** EXTRACTED ENTRIES **
------------------------
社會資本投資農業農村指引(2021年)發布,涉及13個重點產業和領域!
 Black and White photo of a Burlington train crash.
------------------------
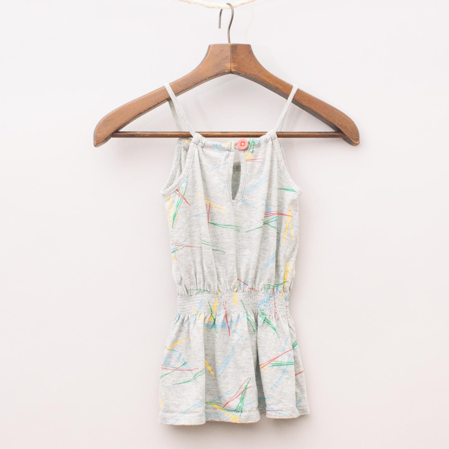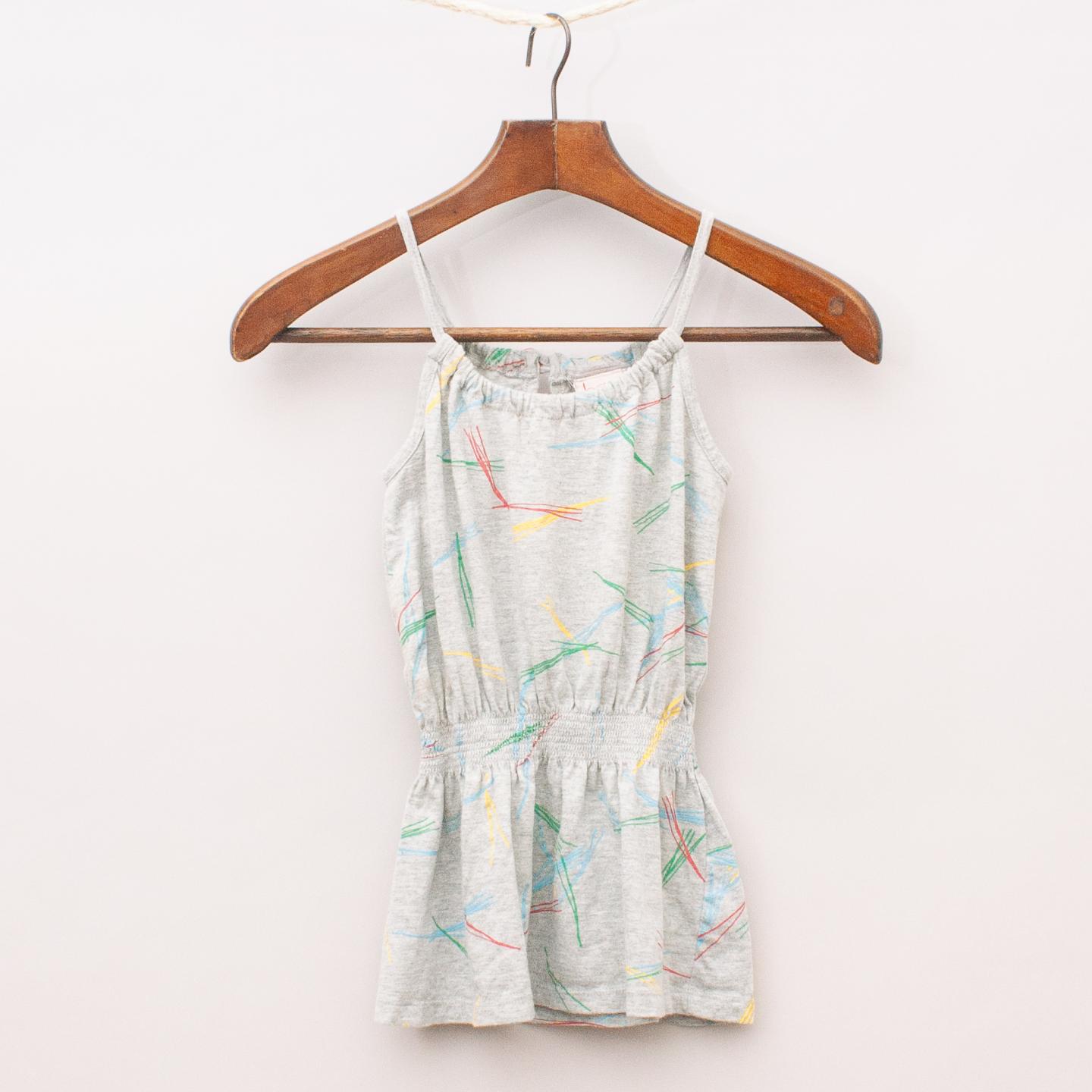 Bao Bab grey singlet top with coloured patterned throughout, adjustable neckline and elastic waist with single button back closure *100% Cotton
------------------------
** EXERCISE DIRECTIONS **
Give back the records above exactly, limited to the lines between the one holding "社會資本投資農業農村指引(2021年)發布,涉及13個重點產業和領域!" and the one holding "Black and White", inclusive.

** RESPONSE BELOW **
社會資本投資農業農村指引(2021年)發布,涉及13個重點產業和領域!
 Black and White photo of a Burlington train crash.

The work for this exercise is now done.